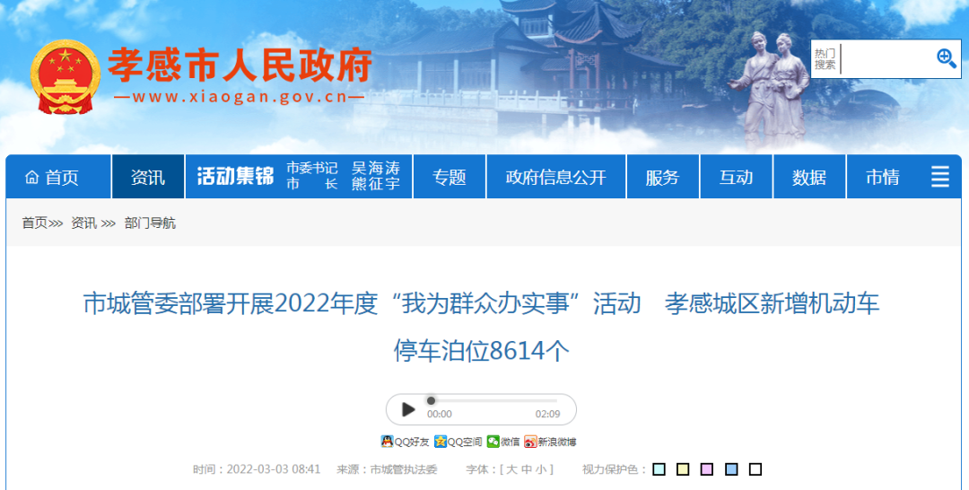 ? ? ? ?內(nèi)容有孝感城區(qū)新增機(jī)動(dòng)車停車泊位8614個(gè)、新建口袋公園22個(gè),整治背街小巷23條、升級(jí)改造生活垃圾分類投放收集點(diǎn)(站)1006個(gè),計(jì)劃所有項(xiàng)目于今年年底前完成。
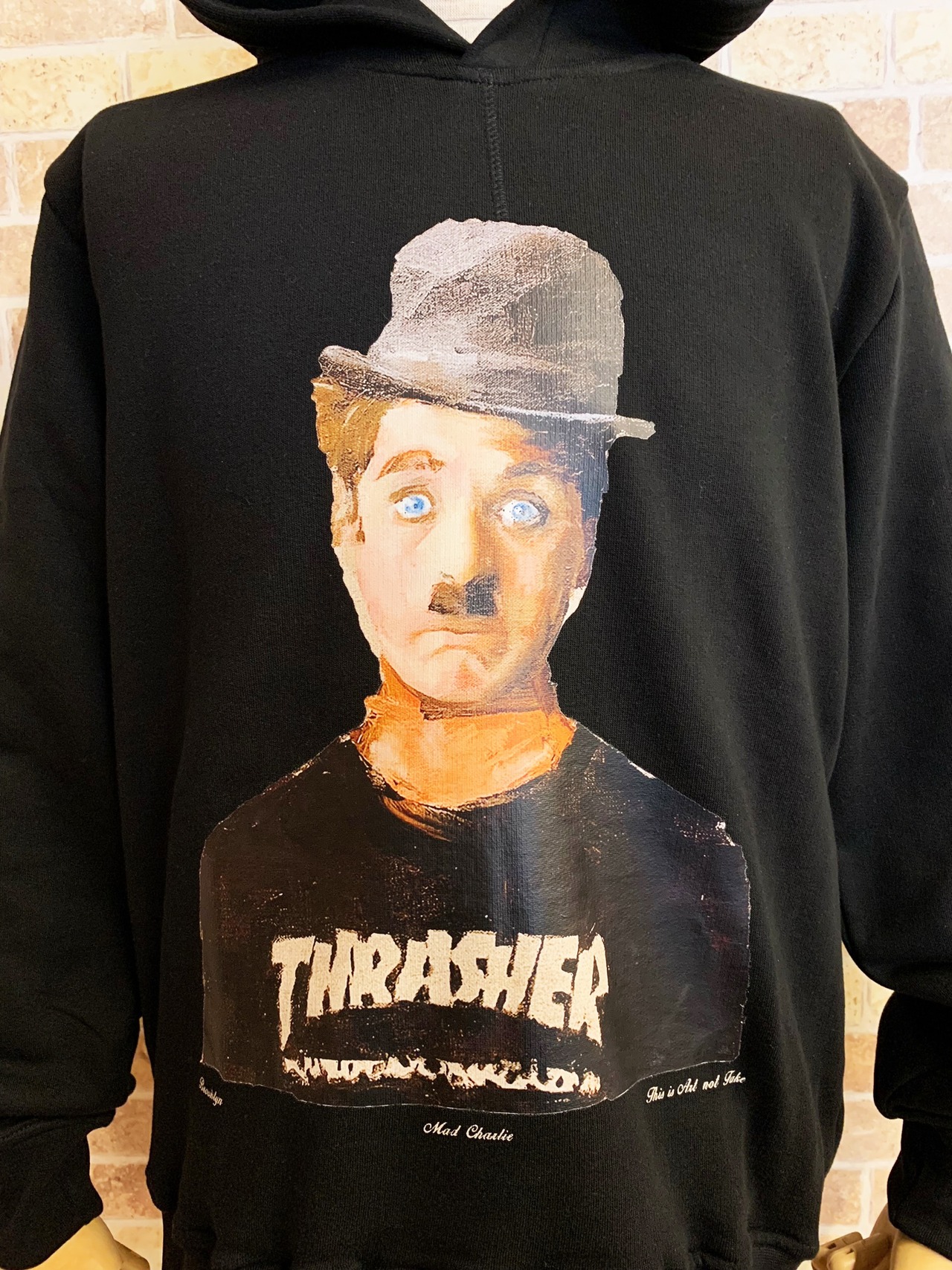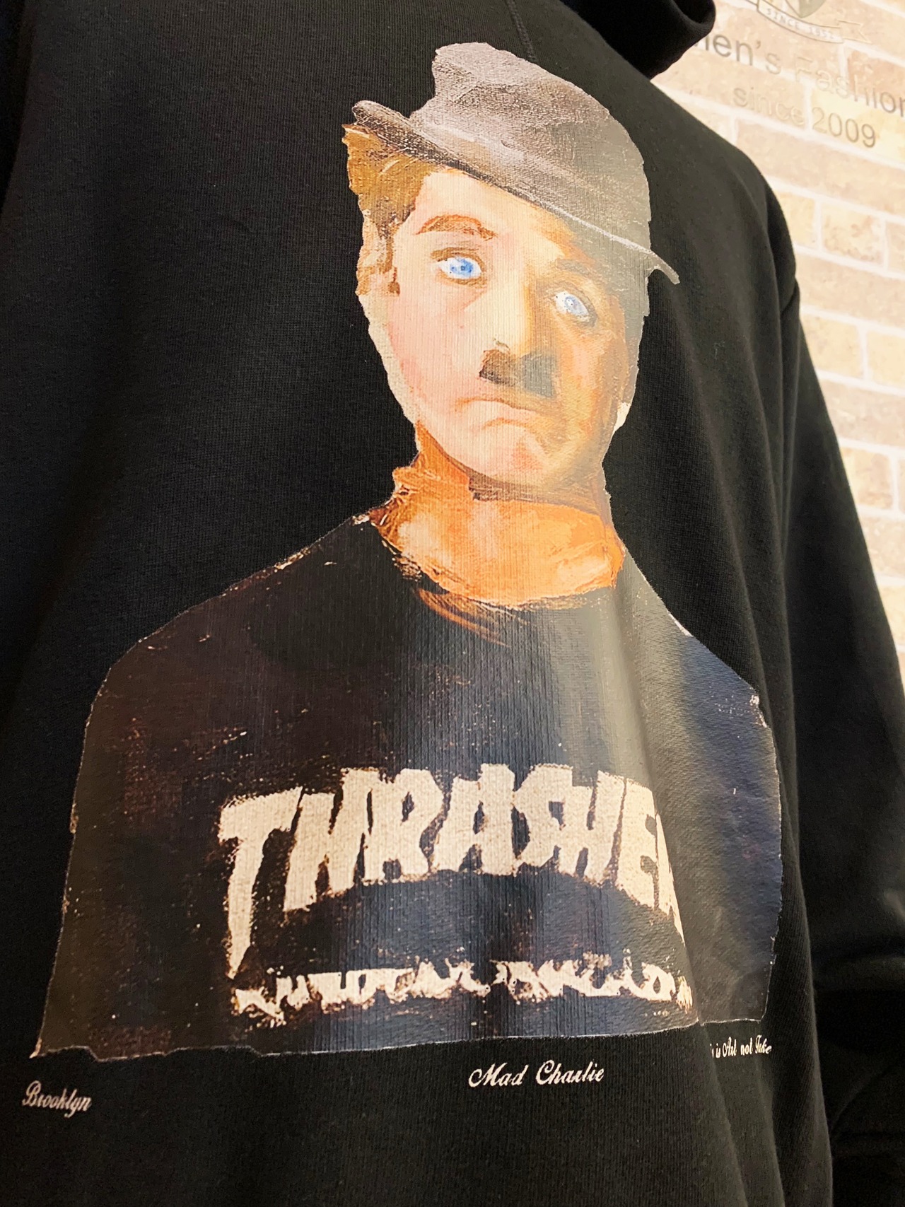 デザインがさらにちょい悪で喜劇王のチャールズ・チャップリンとストリートブランド、スケボーといえばのTHRASHER(スラッシャー)が組み合わさっています。
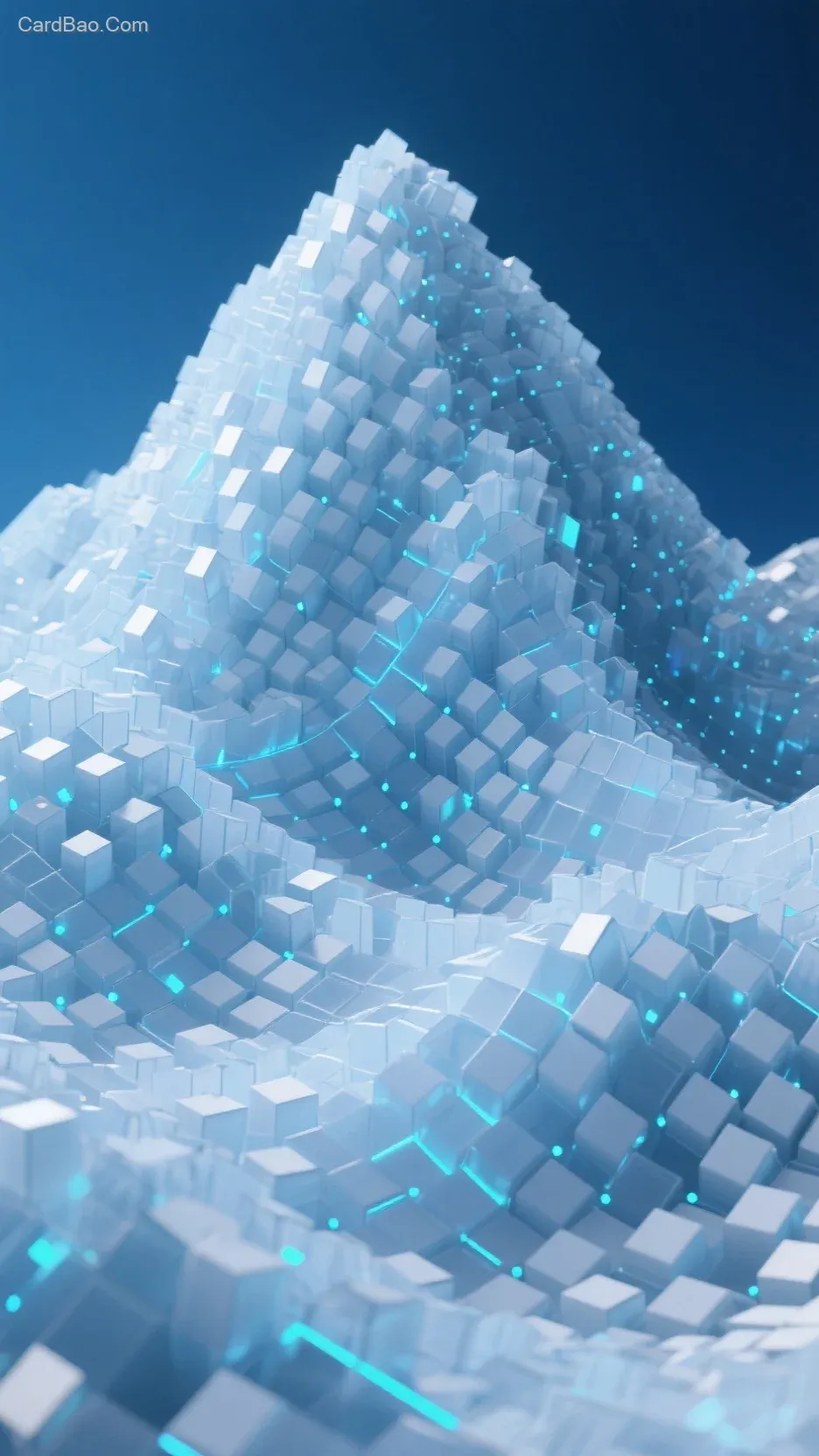 无数成千上万矩阵白色3D矩形汇聚成山体,随机,高低起伏,波浪,漩涡,无规律,满铺,简约,科技,毫米级,微米级,极小,密度极高,密集,发光蓝色科技线条,点,方块随机大小,随机高度,
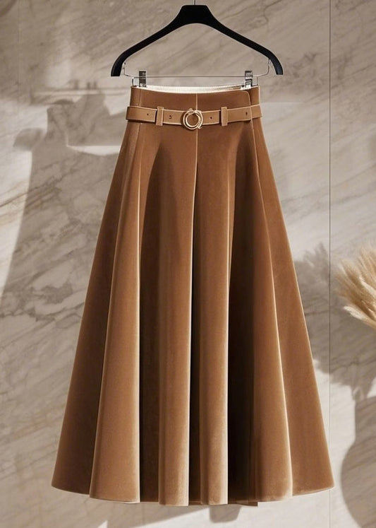 Neue Kaffee Hohe Taille Feste Seide Samt Röcke Frühling YW001
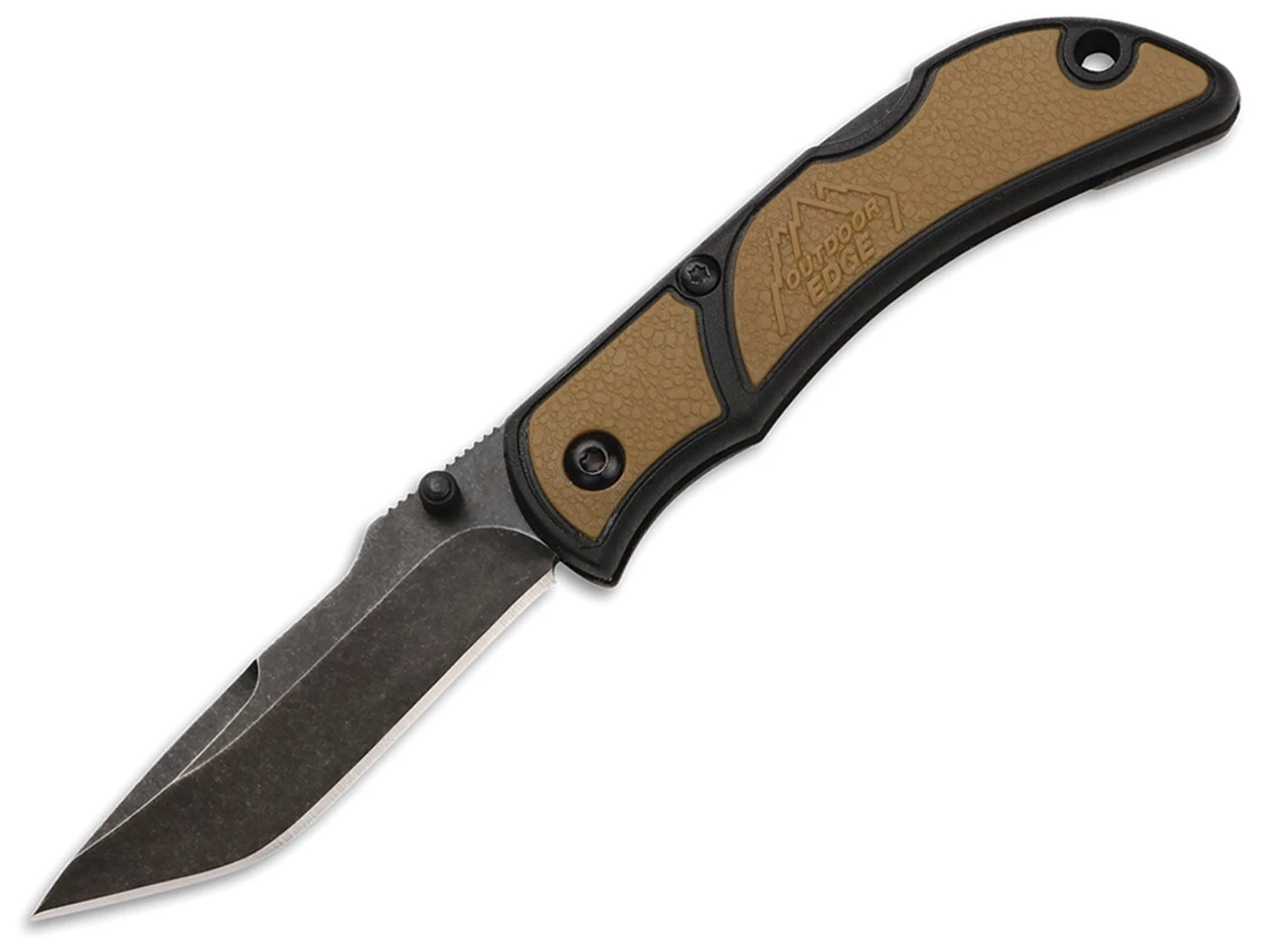 Outdoor Edge Small Chasm CHC-25C, 2.5″ 8Cr13MoV Black Stonewash Plain Blade, Coyote Brown Zytel Handles
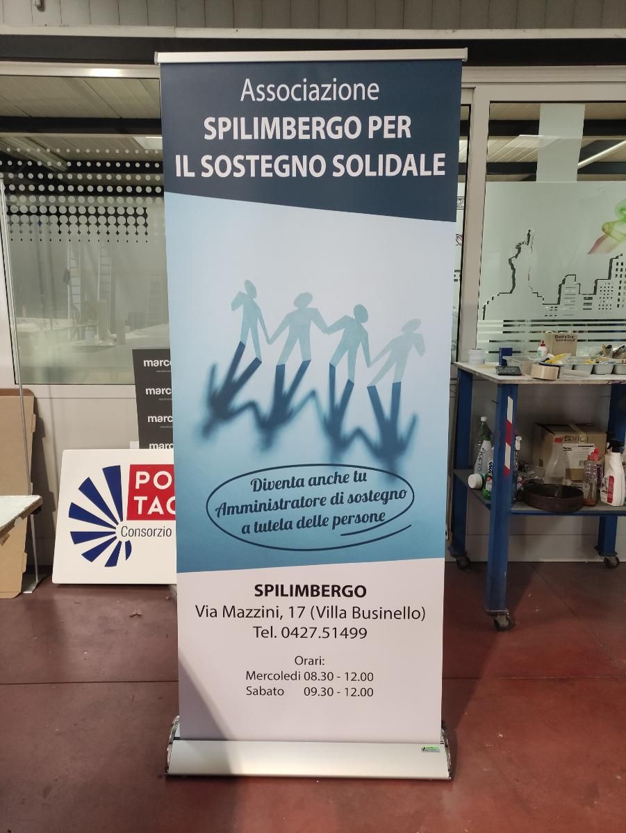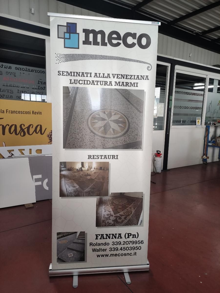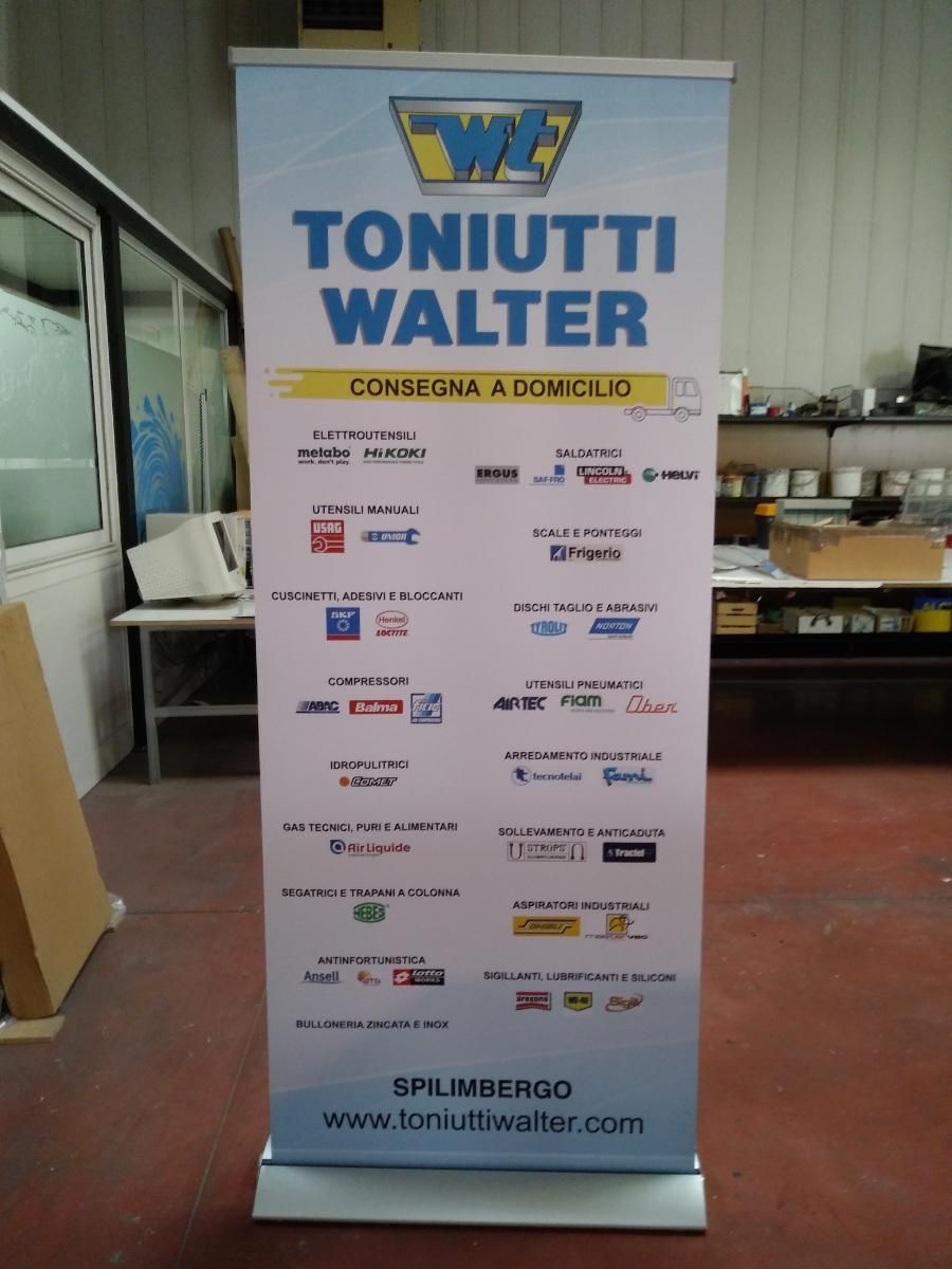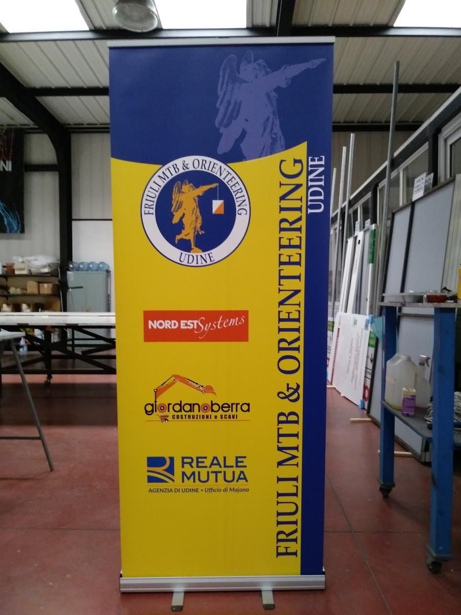 - Espositori roll-up: versioni slim e XL per dare visibilità a loghi, messaggi promozionali e lanci prodotto.
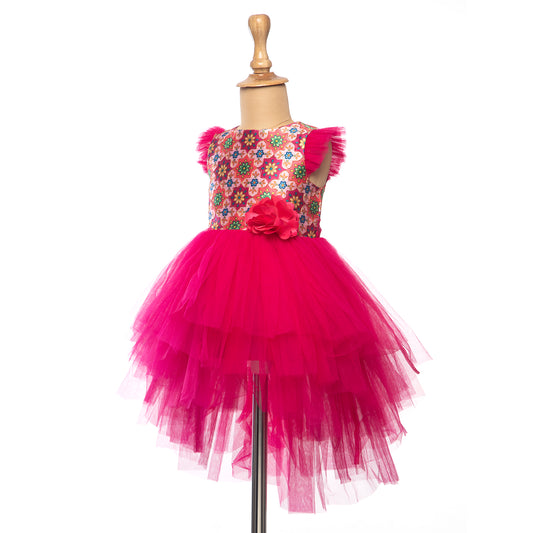 Fuchsia Pink Dress(Print) - Birthday Party , Flower Girl , LOL Doll Party

+ + + + + + +

• **Action item**:
With pictures left out, print the lines of the material above from the line containing "Neue Kaffee Hohe" through its last line, exactly and nothing more.

• **Task result**:
 Neue Kaffee Hohe Taille Feste Seide Samt Röcke Frühling YW001
 Outdoor Edge Small Chasm CHC-25C, 2.5″ 8Cr13MoV Black Stonewash Plain Blade, Coyote Brown Zytel Handles
 - Espositori roll-up: versioni slim e XL per dare visibilità a loghi, messaggi promozionali e lanci prodotto.
 Fuchsia Pink Dress(Print) - Birthday Party , Flower Girl , LOL Doll Party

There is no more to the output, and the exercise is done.